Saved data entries
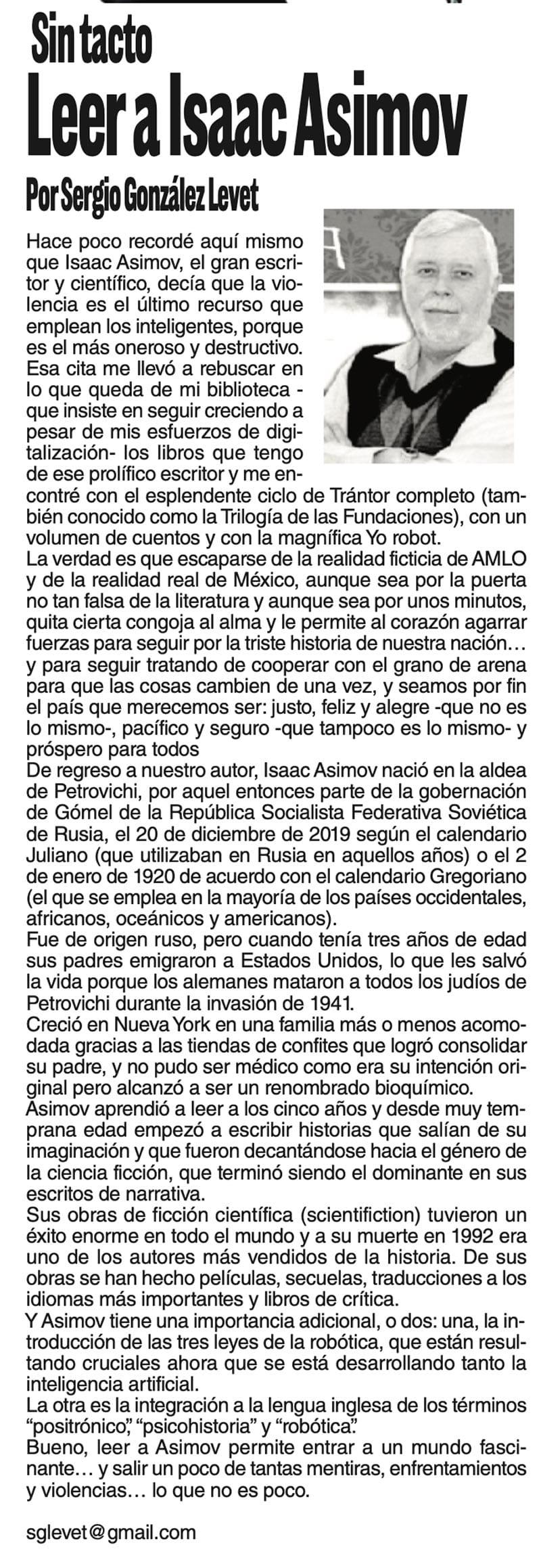SIN TACTO | LEER A ISAAC ASIMOV - Hace poco recordé aquí mismo que Isaac Asimov, el gran escritor y científico, decía que la violencia es el último recurso que emplean los inteligentes...
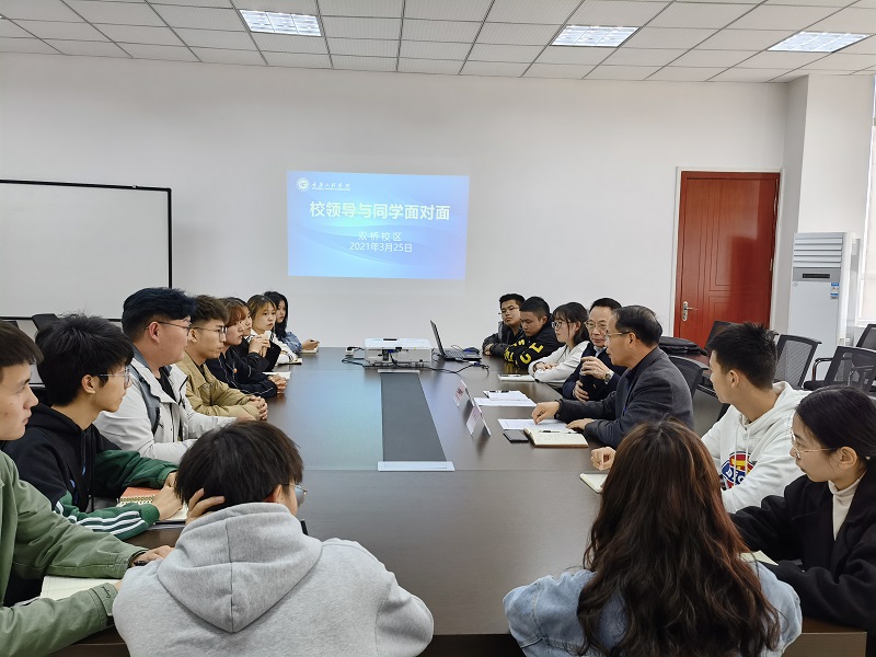 本网讯(文/图 通识学院 万乙豆)3月25日下午,校领导与双桥校区的同学举行了面对面交流活动,党委书记兼督导专员谭明术、副校长蒋国华接待了来自2020级各个学院的15位学生代表。
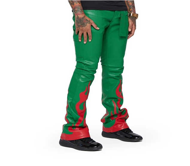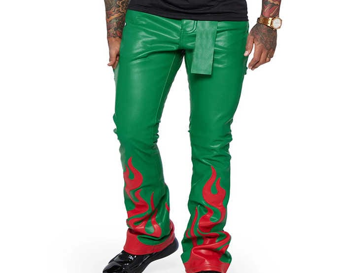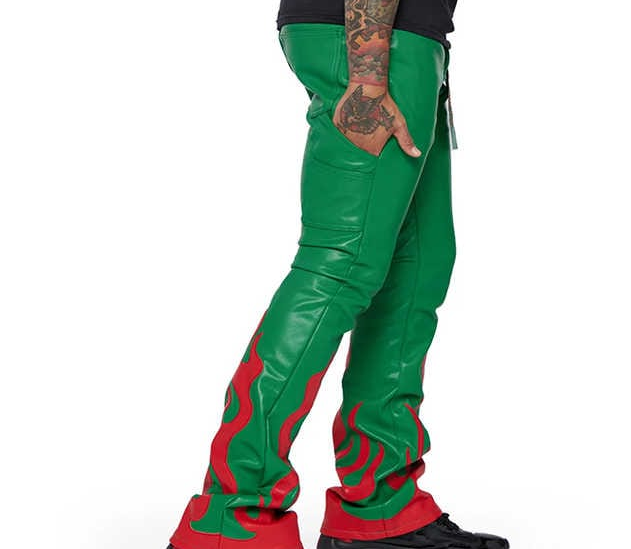 กางเกงหนังพียูสำหรับผู้ชายแบบสตรีทเครื่องแต่งกายแนวสตรีทงานเย็บปะติดเอวสูงแบบกำหนดเอง2025
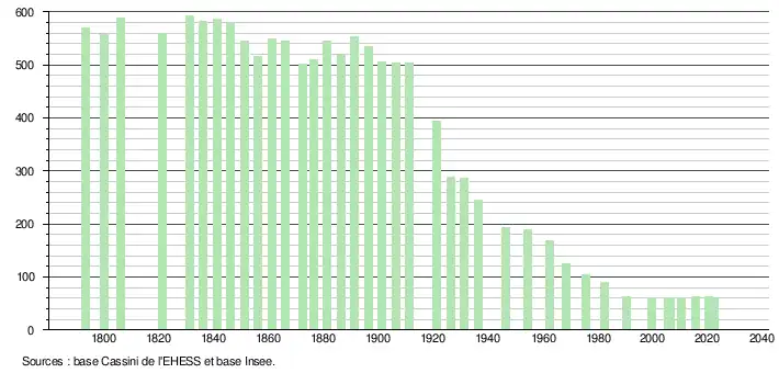 L'évolution du nombre d'habitants est connue à travers les recensements de la population effectués dans la commune depuis 1793. Pour les communes de moins de 10 000 habitants, une enquête de recensement portant sur toute la population est réalisée tous les cinq ans, les populations de référence des années intermédiaires étant quant à elles estimées par interpolation ou extrapolation[26]. Pour la commune, le premier recensement exhaustif entrant dans le cadre du nouveau dispositif a été réalisé en 2005[27].
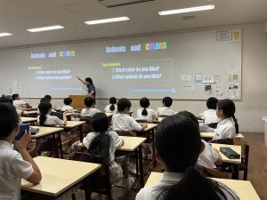 授業中の活動では、自分の好きな色や動物について「質問動画」を撮影し、それに合わせて答えるというユニークな取り組みに挑戦しました。質問動画を撮る際には、答えやすいように間を空けたり、相槌を入れたりと工夫が必要で、子どもたちは試行錯誤しながら楽しんで取り組んでいました。
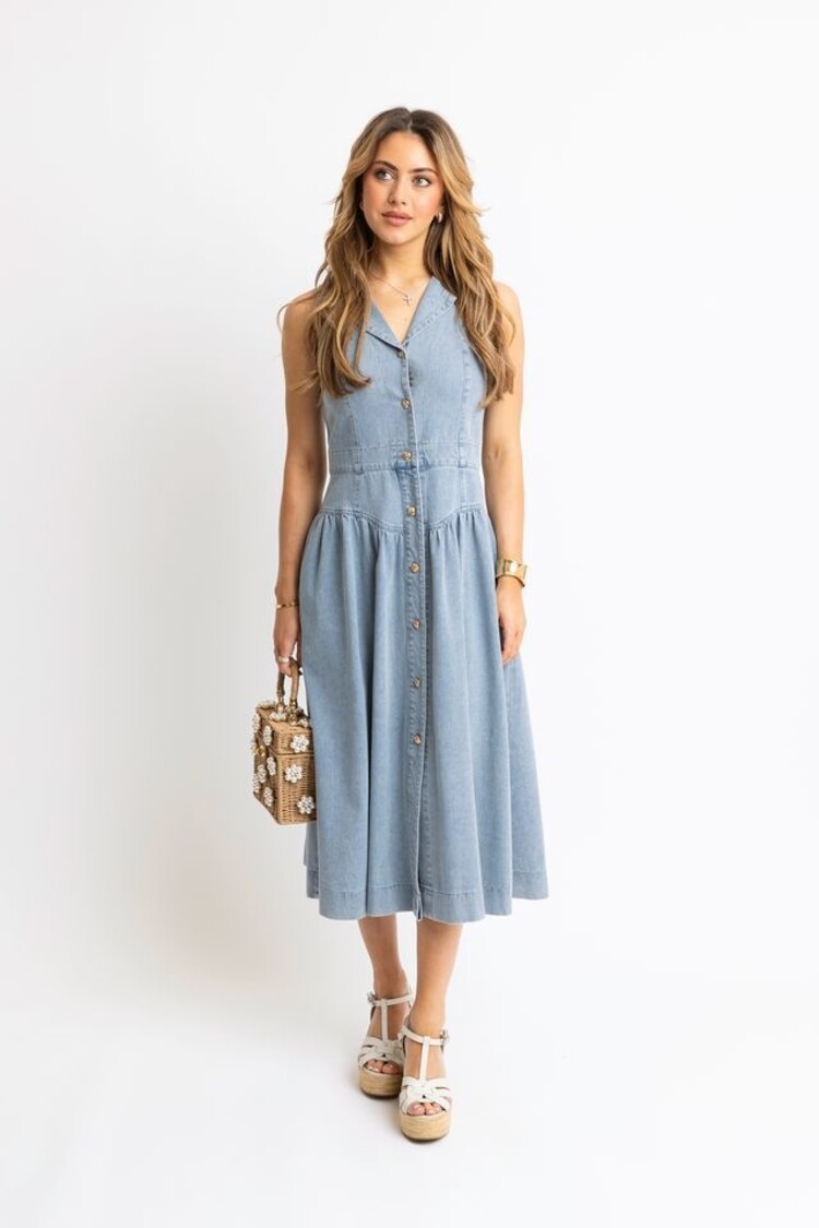 • A stylish denim midi dress we are loving. Wear with your favorite ballet flats or boots for a chic Fall look.
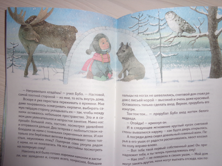 Ну и напоследок Совиный волк Книга оказалась неожиданного маленького размера (я думала, она побольше). Страницы офсет, слегка просвечивают, но не страшно. Блоки прошиты и проклеены, каптала нет. Иллюстрации то на каждом развороте, то 2-3 разворота просто текста. Книга выпущена при поддержке Автономной некоммерческой организации "Центр "Амурский тигр"" и Русского географического общества.
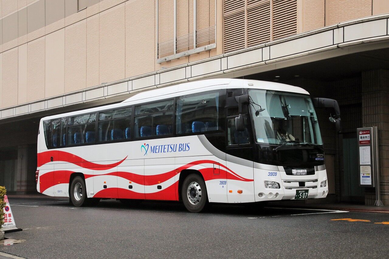 2022年05月21日 名鉄バス(高速車) 3909号車 2019年8月に導入されたセレガハイデッカー。3702以来、豊田に2年振りに投入された高速車で、3908・3909が投入されました。貸切色の投入としては、26代以来13年振りのこと。車内は補助席(11席)付き12列シート、定員60名。名古屋・豊田線や空港線で活躍。2020年4月、コロナで空港線が吹き飛んで運用を失ったこともあり、春日井の66代を置き換えるため転属しています。ただし、側面の所属表記が豊田のままのため、貸出扱いの可能性もあります。豊田200か507(現春日井200か138) 3909 2TG-RU1ASDA(2019年式)2020年2月 豊田市駅にて
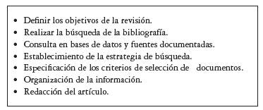 Con el fin de seguir un orden en el proceso de revisión documental se tuvo en cuenta la propuesta de Guirao, Olmedo y Ferrer (2008), quienes resumen en siete grandes etapas el desarrollo de dicha revisión.
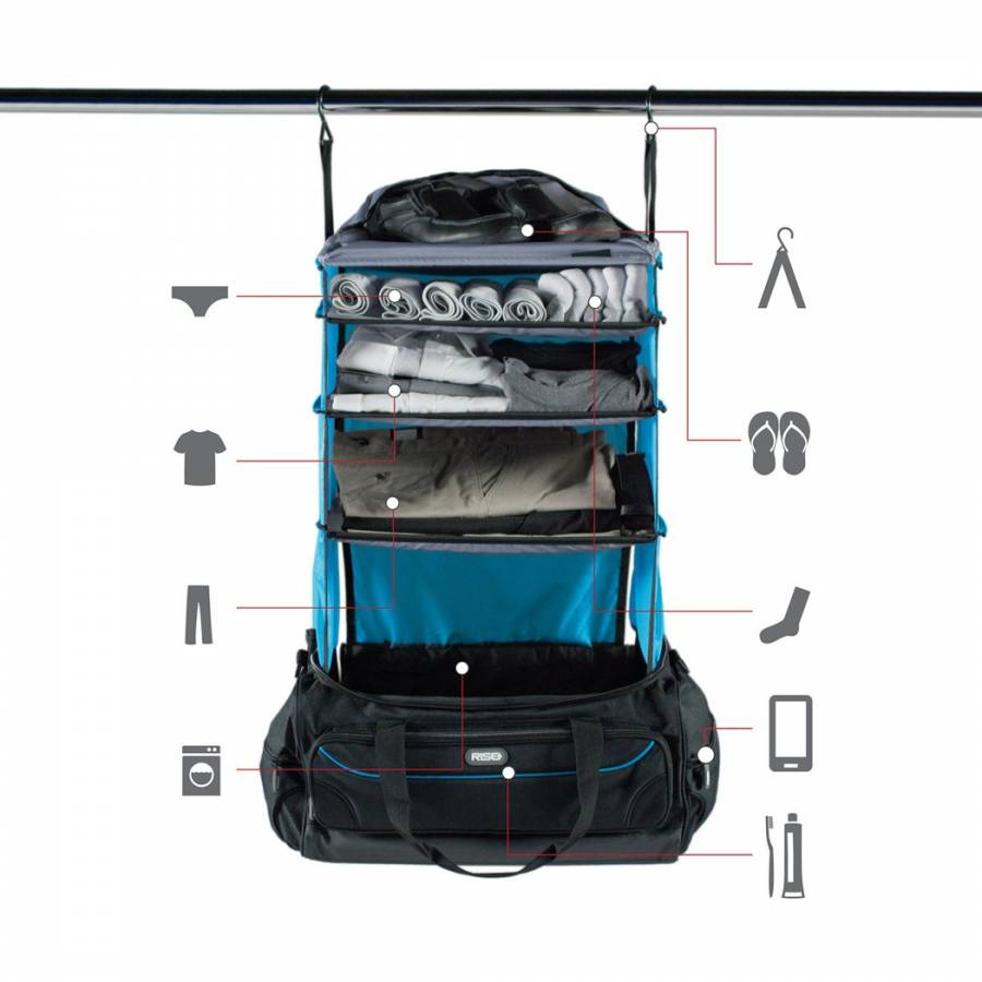 设计师Lee Renshaw设计的一款方便整理收纳的旅行包Weekender Bag,将衣橱放进旅行包内,衣物分层堆放,互不干扰,甚至还能挂到横梁上通风透气,所有行李一目了然。
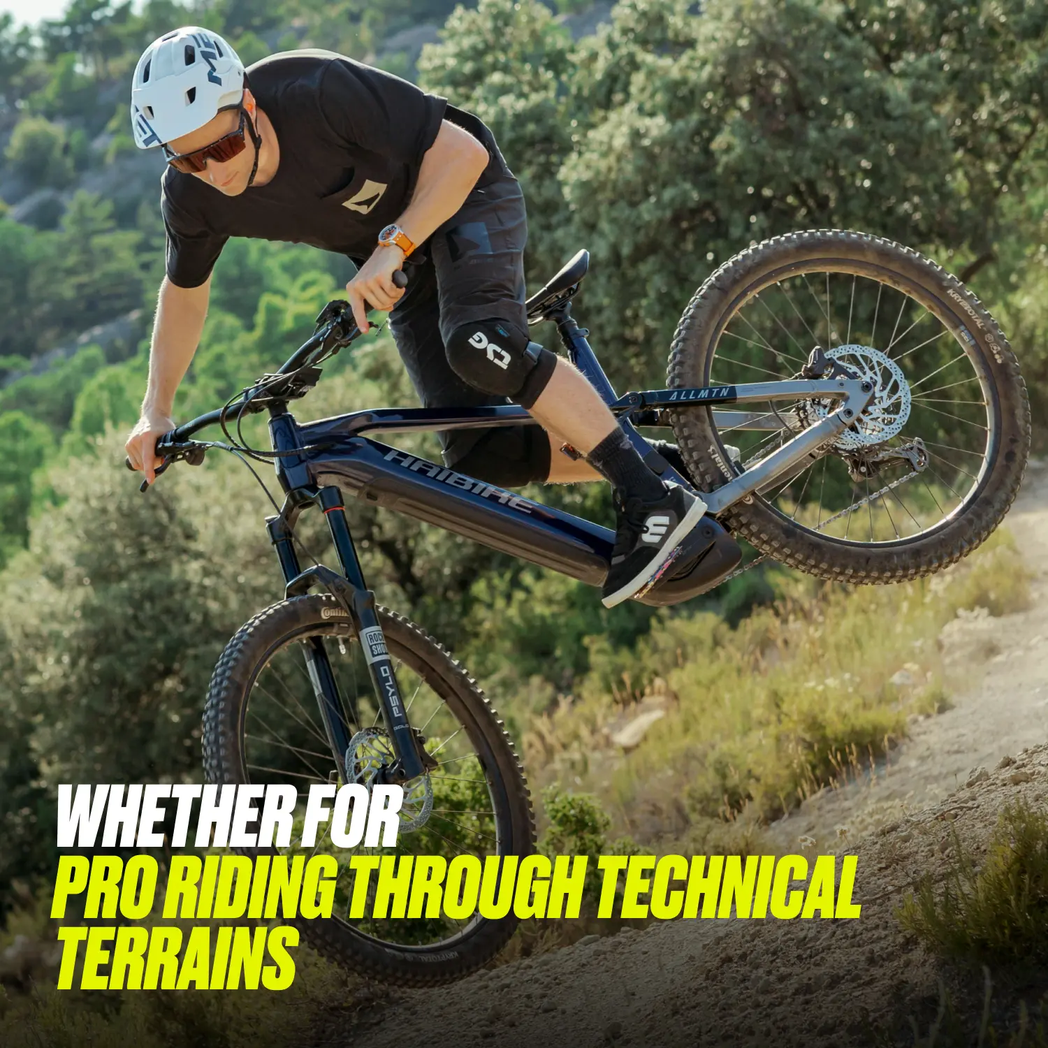 Continental Kryptotal-renkaat (29″ edessä ja 27.5″ takana) takaavat erinomaisen pidon kaikilla alustoilla. Limotec-hissitolppa ja ergonomiset Haibike MTB-kahvat lisäävät ajomukavuutta. Prologo Proxim W400 -satula takaa mukavuuden pitkillekin reiteille. Tämä sähköpyörä yhdistää huipputeknologian, kestävyyden ja ajomukavuuden, tehden siitä täydellisen valinnan vaativiin maastohaasteisiin.

Directions for this task.
Restate the entries verbatim and exclude any pictures.

Output for this task.
SIN TACTO | LEER A ISAAC ASIMOV - Hace poco recordé aquí mismo que Isaac Asimov, el gran escritor y científico, decía que la violencia es el último recurso que emplean los inteligentes...
 本网讯(文/图 通识学院 万乙豆)3月25日下午,校领导与双桥校区的同学举行了面对面交流活动,党委书记兼督导专员谭明术、副校长蒋国华接待了来自2020级各个学院的15位学生代表。
 กางเกงหนังพียูสำหรับผู้ชายแบบสตรีทเครื่องแต่งกายแนวสตรีทงานเย็บปะติดเอวสูงแบบกำหนดเอง2025
 L'évolution du nombre d'habitants est connue à travers les recensements de la population effectués dans la commune depuis 1793. Pour les communes de moins de 10 000 habitants, une enquête de recensement portant sur toute la population est réalisée tous les cinq ans, les populations de référence des années intermédiaires étant quant à elles estimées par interpolation ou extrapolation[26]. Pour la commune, le premier recensement exhaustif entrant dans le cadre du nouveau dispositif a été réalisé en 2005[27].
 授業中の活動では、自分の好きな色や動物について「質問動画」を撮影し、それに合わせて答えるというユニークな取り組みに挑戦しました。質問動画を撮る際には、答えやすいように間を空けたり、相槌を入れたりと工夫が必要で、子どもたちは試行錯誤しながら楽しんで取り組んでいました。
 • A stylish denim midi dress we are loving. Wear with your favorite ballet flats or boots for a chic Fall look.
 Ну и напоследок Совиный волк Книга оказалась неожиданного маленького размера (я думала, она побольше). Страницы офсет, слегка просвечивают, но не страшно. Блоки прошиты и проклеены, каптала нет. Иллюстрации то на каждом развороте, то 2-3 разворота просто текста. Книга выпущена при поддержке Автономной некоммерческой организации "Центр "Амурский тигр"" и Русского географического общества.
 2022年05月21日 名鉄バス(高速車) 3909号車 2019年8月に導入されたセレガハイデッカー。3702以来、豊田に2年振りに投入された高速車で、3908・3909が投入されました。貸切色の投入としては、26代以来13年振りのこと。車内は補助席(11席)付き12列シート、定員60名。名古屋・豊田線や空港線で活躍。2020年4月、コロナで空港線が吹き飛んで運用を失ったこともあり、春日井の66代を置き換えるため転属しています。ただし、側面の所属表記が豊田のままのため、貸出扱いの可能性もあります。豊田200か507(現春日井200か138) 3909 2TG-RU1ASDA(2019年式)2020年2月 豊田市駅にて
 Con el fin de seguir un orden en el proceso de revisión documental se tuvo en cuenta la propuesta de Guirao, Olmedo y Ferrer (2008), quienes resumen en siete grandes etapas el desarrollo de dicha revisión.
 设计师Lee Renshaw设计的一款方便整理收纳的旅行包Weekender Bag,将衣橱放进旅行包内,衣物分层堆放,互不干扰,甚至还能挂到横梁上通风透气,所有行李一目了然。
 Continental Kryptotal-renkaat (29″ edessä ja 27.5″ takana) takaavat erinomaisen pidon kaikilla alustoilla. Limotec-hissitolppa ja ergonomiset Haibike MTB-kahvat lisäävät ajomukavuutta. Prologo Proxim W400 -satula takaa mukavuuden pitkillekin reiteille. Tämä sähköpyörä yhdistää huipputeknologian, kestävyyden ja ajomukavuuden, tehden siitä täydellisen valinnan vaativiin maastohaasteisiin.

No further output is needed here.